I am running a Nextflow pipeline that basically sends a bunch of files through multiple tools and collects resulting CSVs; however, two of the tools I need cannot be run simultaneously (they use the same software under the hood, and we only have one license). The pipeline looks like this:
workflow MY_WORKFLOW {
take:
pdb_ch
main:
csv1_ch = TOOL1(pdb_ch)
bundled_pdb_ch = pdb_ch.collate(20)
csv2_ch = TOOL2(bundled_pdb_ch)
csv3_ch = TOOL3(bundled_pdb_ch)
out_ch = csv1_ch.mix(csv2_ch).mix(csv3_ch)
emit:
out_ch
}
The order in which they launch doesn't matter: I'm okay if TOOL1 processes the entire dataset and then TOOL3 starts, or if they run in alternating order, or whatever.

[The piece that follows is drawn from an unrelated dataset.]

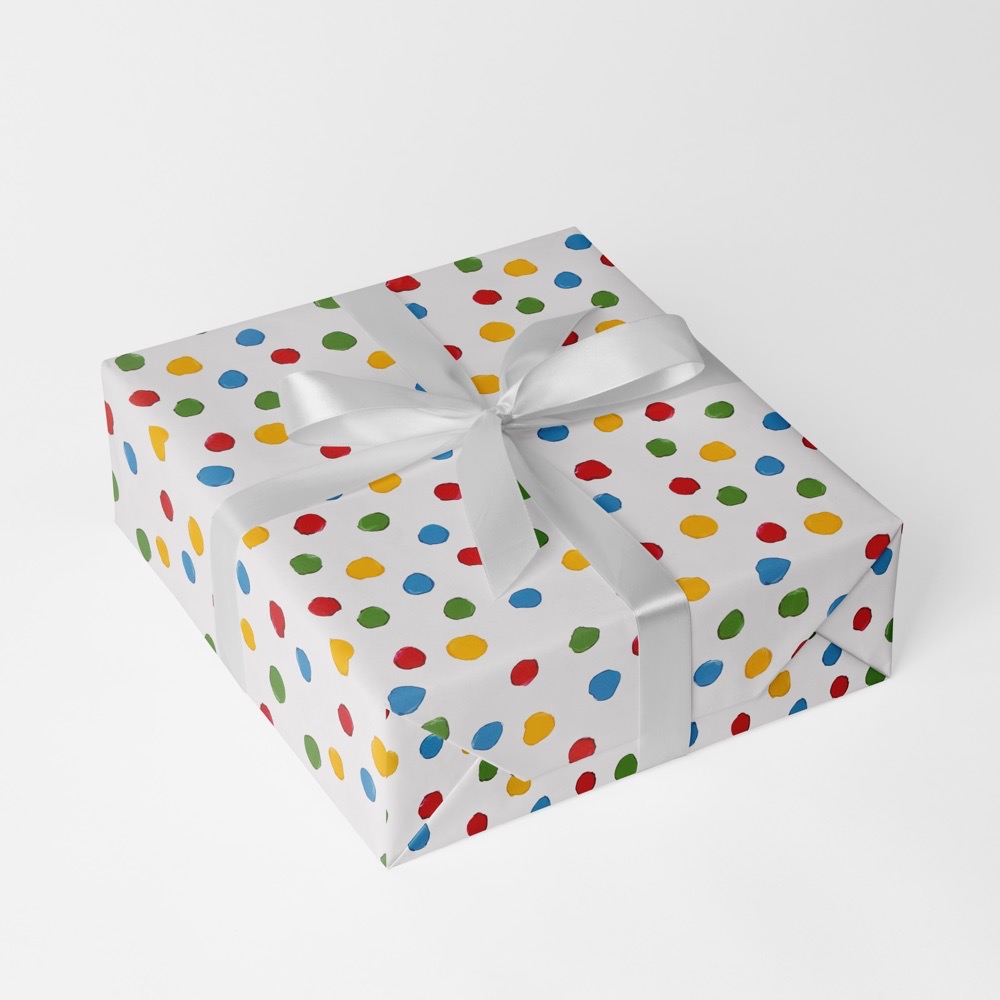 Punkte Farbig Weiss Geschenkpapier Bogen

What matters is that at any point in time there should be either one of these two running or neither, but never both.
Using maxForks
directive allows making sure only only one instance of a given process is running, but is there a way to generate some more general lock/semaphore that could be shared between different processes?
I have managed to solve it by adapting the answer found in another SO question. The trick is to create a process that accepts TOOL1 output and emits some value, like this:
process BLOCK {
input:
path csv_files
output:
val ready
// Does nothing except return a value
exec:
ready = 1
}
Then this process needs to be inserted into the pipeline by feeding it TOOL3
results and making its outputs an additional input for TOOL1:
bundled_pdb_ch = pdb_ch.collate(20)
csv2_ch = TOOL2(bundled_pdb_ch)
csv3_ch = TOOL3(bundled_pdb_ch)
semaphore_ch = BLOCK(csv3_ch.collect())
csv1_ch = TOOL1(pdb_ch, semaphore_ch)
out_ch = csv1_ch.mix(csv2_ch).mix(csv3_ch)
BLOCK
is only launched when csv_ch3
can be collected (ie all instances of TOOL3 have finished), and TOOL1
will not run without a value from semaphore_ch
. This value is actually ignored by TOOL1
body, but it is still necessary for process to launch. And since it's a value channel, it can be read as many times as necessary without being exhausted.
Technically, intermediate process is not necessary because I could just pass csv3_ch.collect()
to a second channel of TOOL1
. However, it prevents TOOL1
work directories from being littered with TOOL3
outputs